I have seen working examples without it, but I'm trying to use the flag PTRACE_O_TRACESYSGOOD.

Other answers to ptrace problems indicate I should only see one pre/post + one signal, but they're not using PTRACE_O_TRACESYSGOOD.

My output looks like:

Intercepted rt_sigprocmask[14]
Syscall returned with value 0
Intercepted execve[59]
Syscall returned with value -2
Intercepted execve[59]
Syscall returned with value -2
Intercepted execve[59]
Syscall returned with value -2
Intercepted execve[59]
Syscall returned with value -2
Intercepted execve[59]
Syscall returned with value -2
Intercepted execve[59]
Syscall returned with value -2
Intercepted execve[59]
Syscall returned with value -2
Intercepted execve[59]
Syscall returned with value 0
Tracer: Received signal: 5
Intercepted brk[12]
...

The rest of the output matches what strace outputs.

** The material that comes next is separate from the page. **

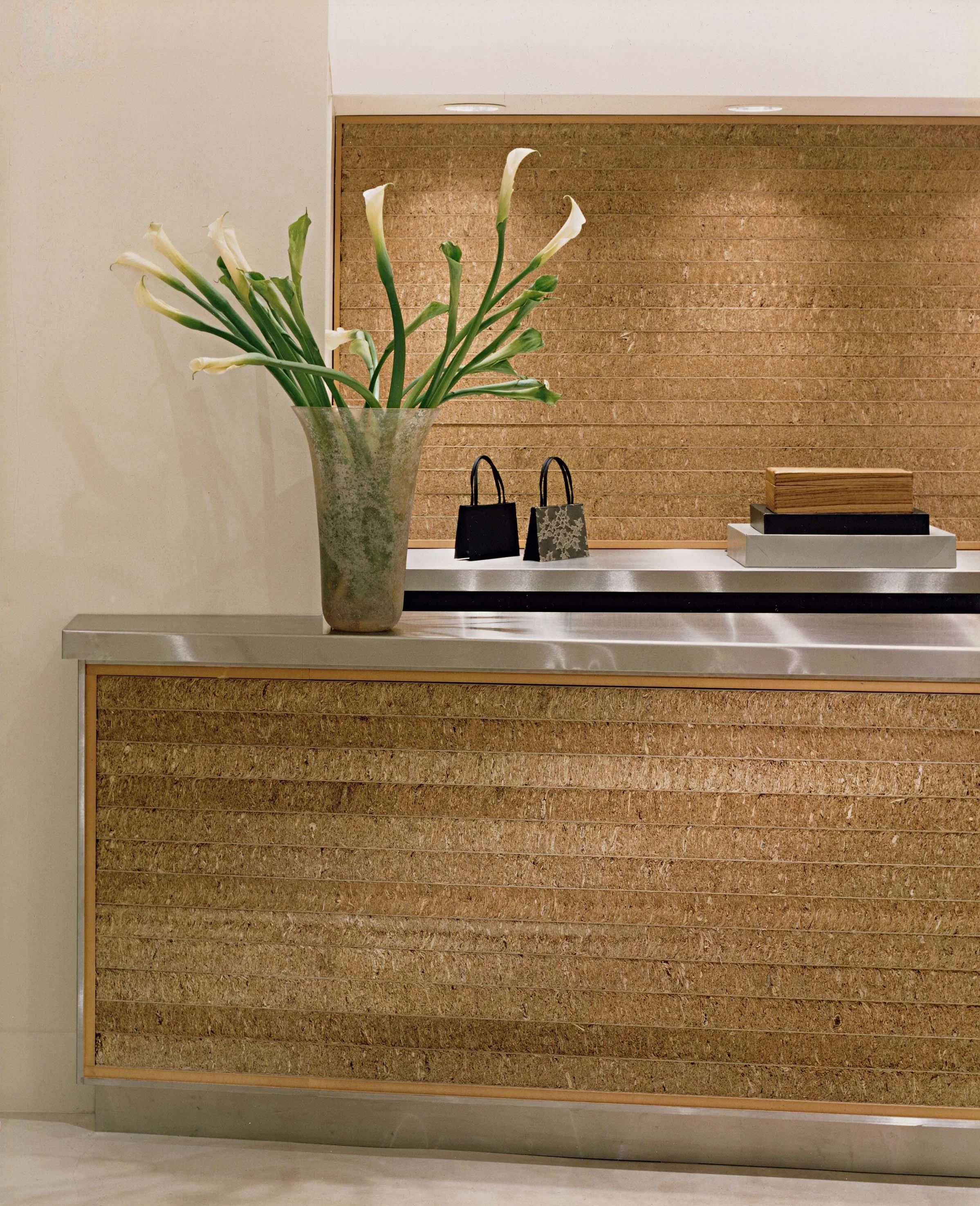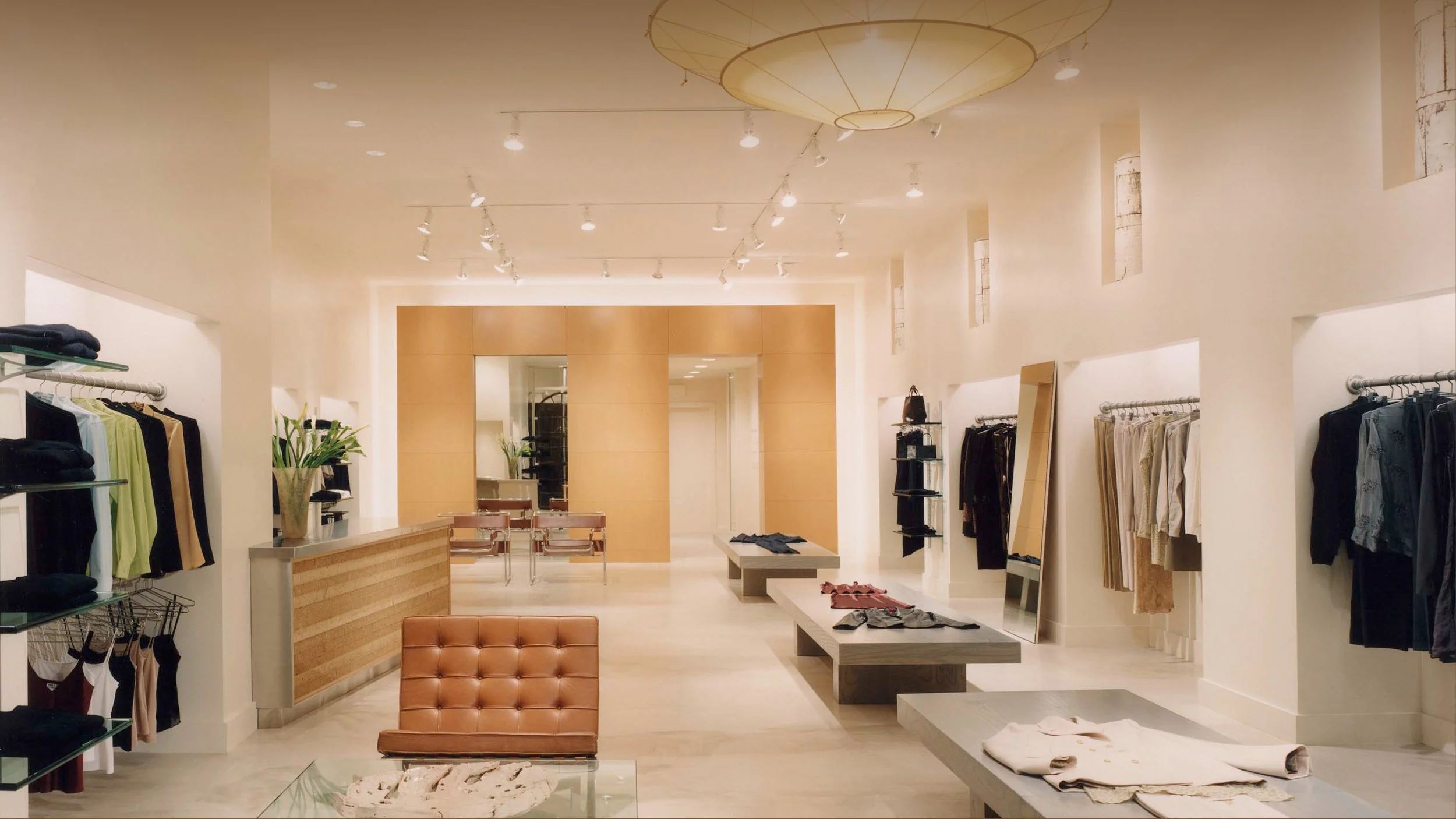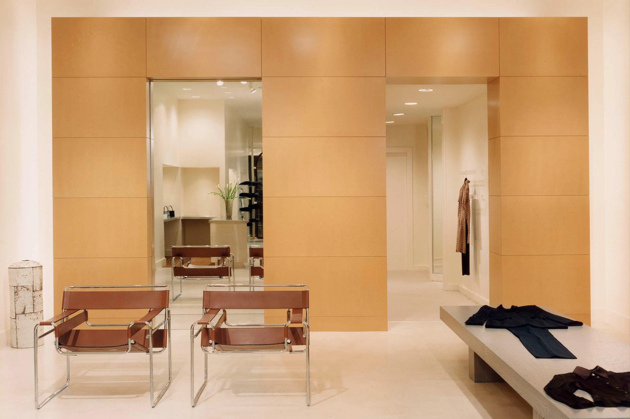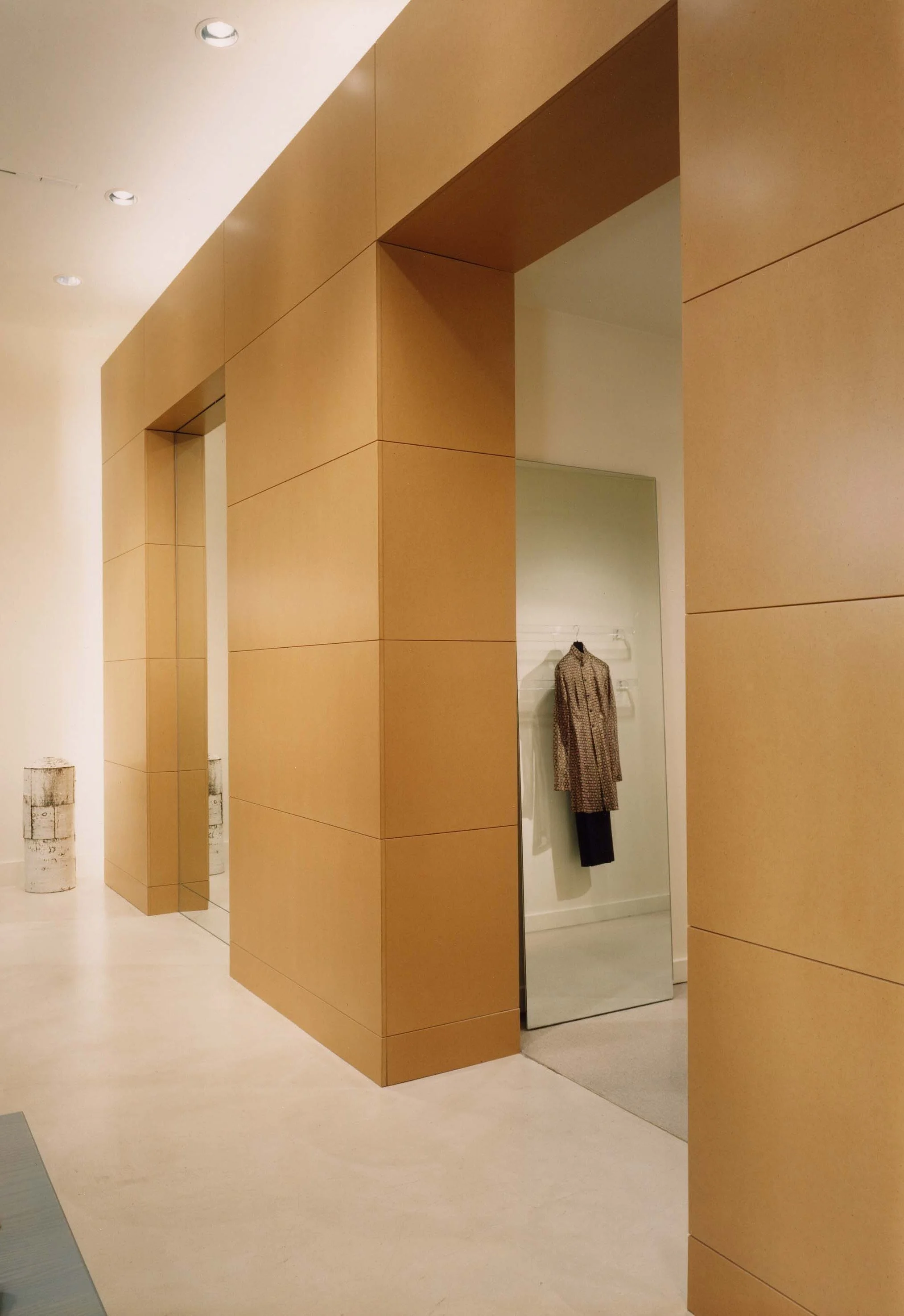 This 1,500-square-foot boutique uses a minimalist material palette to create a serene, gallery-like setting for displaying clothing alongside Asian-inspired ceramic vessels by New York artist Peter Lane. Seamless surfaces, floating visual effects, and custom ash veneer display tables direct attention to a dramatic freestanding feature wall of lacquered fiberboard and mirror.

Every "Intercepted" and "Syscall returned" corresponds to one waitid() call. A minimalist example code to reproduce this:

#include <sys/types.h>
#include <stdint.h>
#include <sys/types.h>
#include <sys/user.h>
#include <sys/vfs.h>
#include <sys/ptrace.h>
#include <sys/reg.h>     /* For constants ORIG_EAX, etc */
#include <string.h>
#include <sys/wait.h>
#include <sys/syscall.h>    /* For SYS_write, etc */
#include <unistd.h>
#include <stdio.h>

int main(){
  pid_t pid = fork();

  // Child.
  if(pid == 0){
    ptrace(PTRACE_TRACEME, 0, NULL, NULL);

    // Wait for parent to be ready.
    raise(SIGSTOP);
    execlp("pwd", "pwd", NULL);
    return 0;
  }
  // Tracer.
  else{
    struct user_regs_struct regs;
    bool isPre = true;
    int status;
    // Wait for child to stop itself.
    waitpid(pid, &status, 0);
    ptrace(PTRACE_SETOPTIONS, pid, NULL, PTRACE_O_TRACESYSGOOD);

    while(true){
      ptrace(PTRACE_SYSCALL, pid, 0, 0);
      pid  = waitpid(pid, &status, 0);

      // Check if tracee has exited.
      if (WIFEXITED(status)){
    return 0;
      }

      // This is a stop caused by a system call exit-pre/exit-post.
      if(WIFSTOPPED(status) && WSTOPSIG(status) == (SIGTRAP |0x80) ){
        ptrace(PTRACE_GETREGS, pid, NULL, &regs);

        if(isPre){
          printf("Intercepted syscall: %llu\n", regs.orig_rax);
          isPre = ! isPre;
        }else{
          printf("Done with system call!\n");
          isPre = ! isPre;
        }
      }else{
        printf("Tracer: Received signal: %d\n", WSTOPSIG(status));
      }
    }
  }

  return 0;
}

I fear I'm misundersting execve, or PTRACE_O_TRACESYSGOOD. I'm running this on Lubuntu 16.04 with kernel version 4.10.0-37-generic.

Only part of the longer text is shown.